▶ **Directions**: Drop the images. Copy every line below character for character.

▶ **Supplied data**:
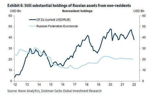 尽管外国持有俄罗斯主权债务的比例一直在下降,但规模仍然较大。如果俄罗斯当局无法动用这些储备中的很大一部分,那么这些投资组合的投资者可能会进一步遭受巨大损失(按市值计算),尤其是考虑到俄罗斯主权债务评级被下调的情况。
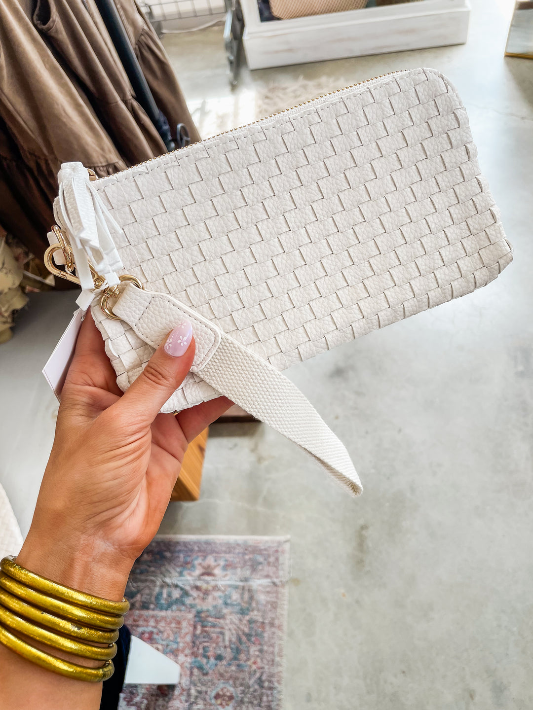 Emma Woven Clutch Wristlet-Cream
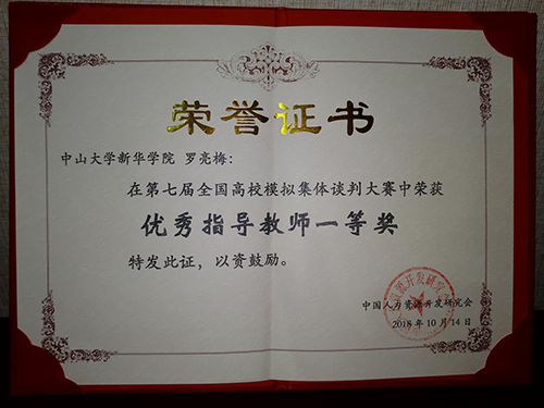 参加本次大赛的两支代表队是法学院和公共治理学院通过笔试与无领导小组讨论的方式选拔出来的,参赛队员在暑假期间多次进行线上会议与系统理论学习,并且在开学后进行了多次模拟集体谈判演练。指导老师罗亮梅和法学院党总支书记李岚老师与同学们共同努力,为参赛队员进行案例分析和疑难问题的解答给予了大量的专业指导,同时积极为参赛队伍在校内外提供相关的后勤保障支持,并且在参赛前带领队员到广东省总工会学习,工会主席多次为队员们普及相关知识和分析现实生活中的谈判案例,开阔了队员们的视野。最终在比赛过程中,法学院学子表现出了良好的思辨能力和逻辑分析能力,公共治理学院学子表现出了全面的专业知识和出色的案例分析能力,我校两支代表队双双获得佳绩。

▶ **Answer box**:
 尽管外国持有俄罗斯主权债务的比例一直在下降,但规模仍然较大。如果俄罗斯当局无法动用这些储备中的很大一部分,那么这些投资组合的投资者可能会进一步遭受巨大损失(按市值计算),尤其是考虑到俄罗斯主权债务评级被下调的情况。
 Emma Woven Clutch Wristlet-Cream
 参加本次大赛的两支代表队是法学院和公共治理学院通过笔试与无领导小组讨论的方式选拔出来的,参赛队员在暑假期间多次进行线上会议与系统理论学习,并且在开学后进行了多次模拟集体谈判演练。指导老师罗亮梅和法学院党总支书记李岚老师与同学们共同努力,为参赛队员进行案例分析和疑难问题的解答给予了大量的专业指导,同时积极为参赛队伍在校内外提供相关的后勤保障支持,并且在参赛前带领队员到广东省总工会学习,工会主席多次为队员们普及相关知识和分析现实生活中的谈判案例,开阔了队员们的视野。最终在比赛过程中,法学院学子表现出了良好的思辨能力和逻辑分析能力,公共治理学院学子表现出了全面的专业知识和出色的案例分析能力,我校两支代表队双双获得佳绩。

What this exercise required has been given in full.